_Task goal_.
Pictures must not appear in the copy. Set down exactly the line with "Este espectacular collar" and each line after it through the end of the data below.
BEGIN Records to process
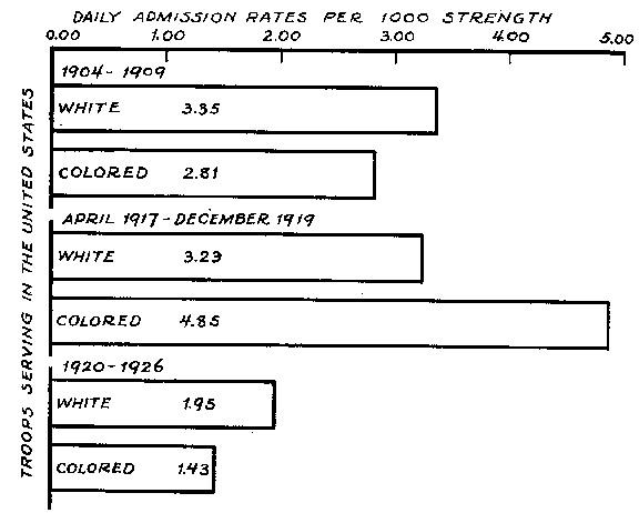 Daily admission rates to hospital and quarters from diseases and nonbattle injuries per 1,000 strength of white and colored troops by color, serving in the United States at different periods. |
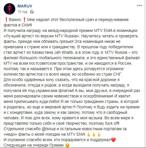 "Хватит меня приписывать куда-либо! Я не только гражданин страны, в которой я родилась, но еще и мировой артист! Поэтому я буду ездить на премии и с концертами, куда захочу и как захочу, потому что я свободный человек. Я пою для всех, кому нравится моя музыка. Во всем мире я представляю только себя и свое творчество, поэтому fu*k off!" - эмоционально закончила свой пост MARUV.
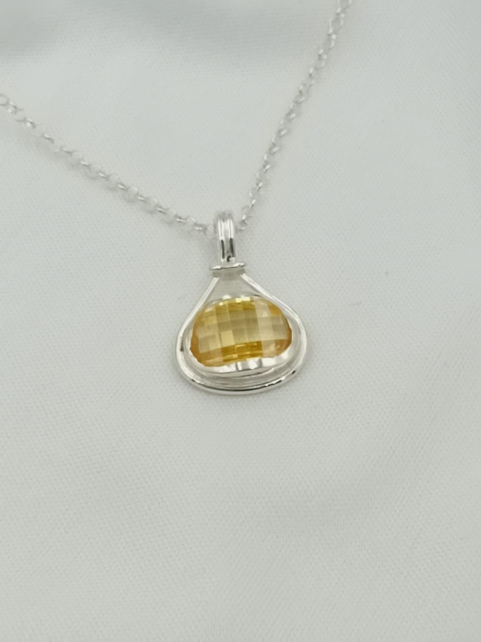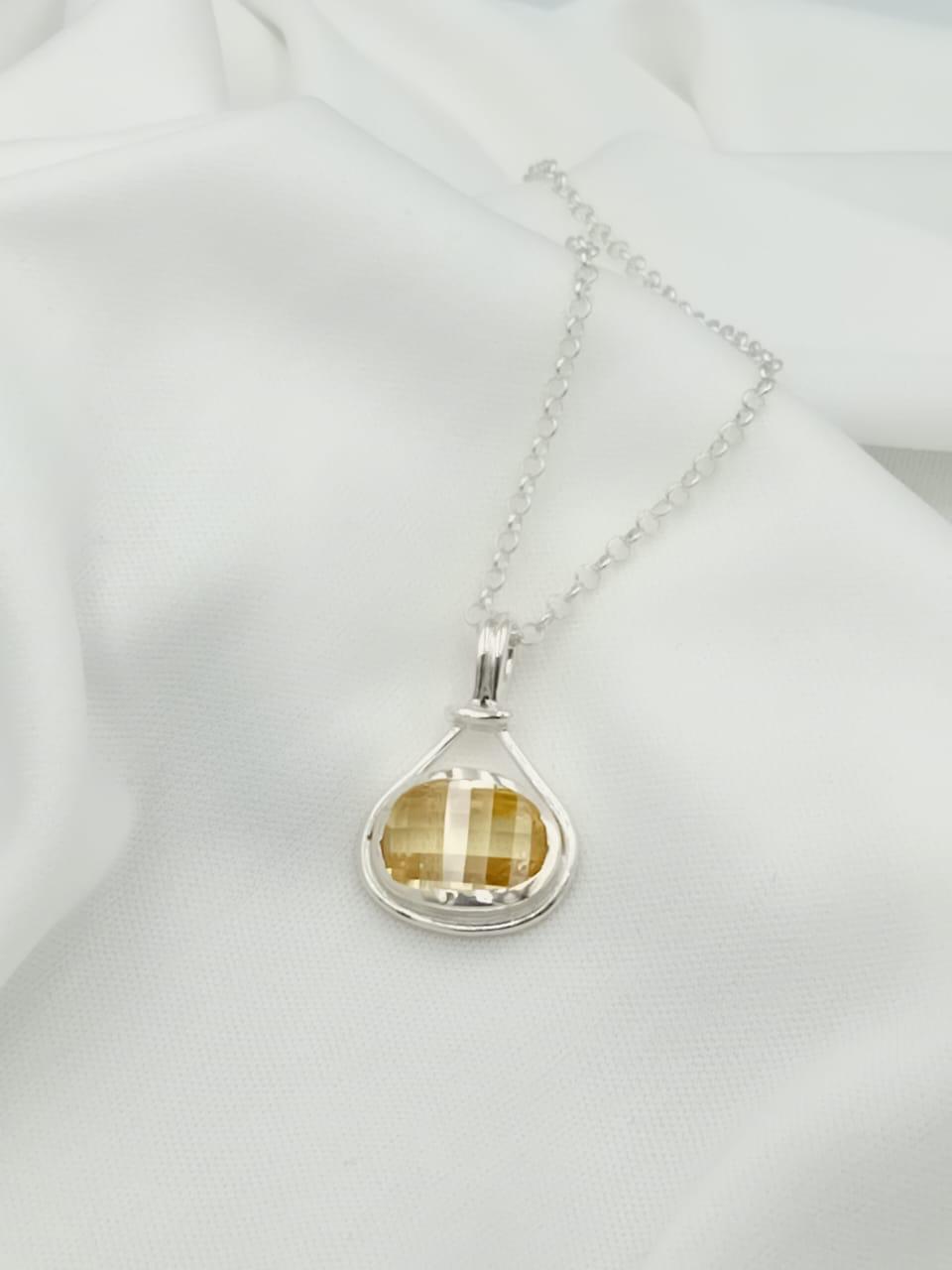 Este espectacular collar presenta un dije con una gema amarilla de corte facetado, cuya textura crea un hermoso juego de luz y reflejos. La piedra está montada en un marco de plata pulida, realzando su color vibrante y su diseño sofisticado
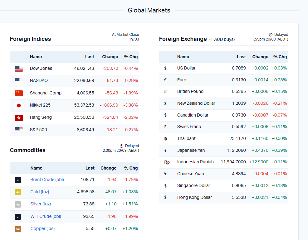 Source:ASX Market Data, March 20, 2026; Global market data; AMP, NAB, RBC commentary
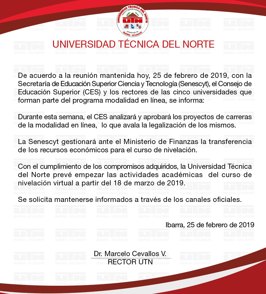 Revisar y asegurarse de haber seleccionado correctamente las carreras recuerde seleccionar solo carreras de su interes. Listado del total de cupos disponible para el 2020 reportado por el instituto de educacion superior universidad tecnica del norte. Acreditada por 6 anos hasta 2022.
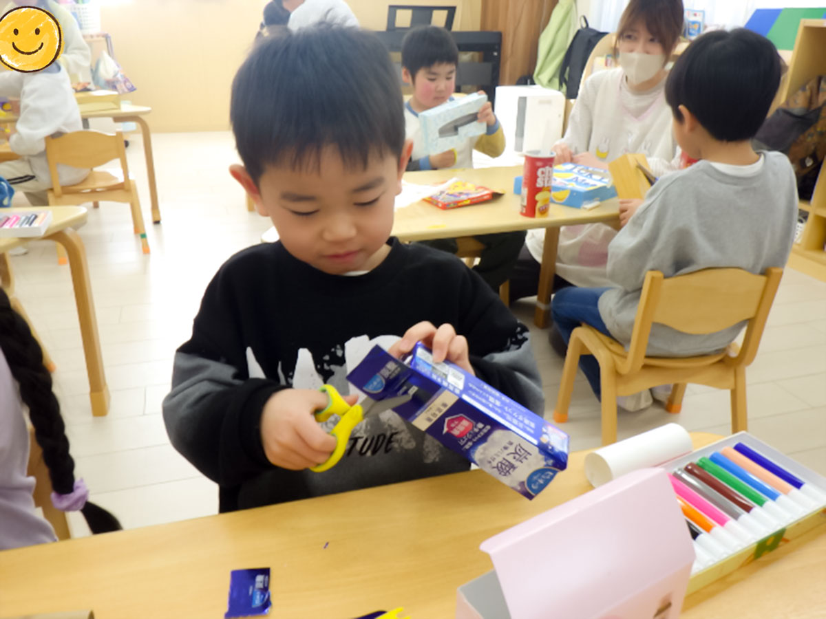 恥ずかしがりながらも自慢の作品を発表し、また廃材遊びをしたい!と、やる気満々でした✨
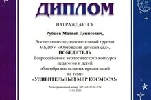 Во всероссийском экологическом конкурсе педагогов и детей по теме "Удивительный мир космоса" приняли участие Нигматуллина Айзиля и Рубцов Матвей где стали победителями 17.01.2023
END Records to process
_Expected answer_.
 Este espectacular collar presenta un dije con una gema amarilla de corte facetado, cuya textura crea un hermoso juego de luz y reflejos. La piedra está montada en un marco de plata pulida, realzando su color vibrante y su diseño sofisticado
 Source:ASX Market Data, March 20, 2026; Global market data; AMP, NAB, RBC commentary
 Revisar y asegurarse de haber seleccionado correctamente las carreras recuerde seleccionar solo carreras de su interes. Listado del total de cupos disponible para el 2020 reportado por el instituto de educacion superior universidad tecnica del norte. Acreditada por 6 anos hasta 2022.
 恥ずかしがりながらも自慢の作品を発表し、また廃材遊びをしたい!と、やる気満々でした✨
 Во всероссийском экологическом конкурсе педагогов и детей по теме "Удивительный мир космоса" приняли участие Нигматуллина Айзиля и Рубцов Матвей где стали победителями 17.01.2023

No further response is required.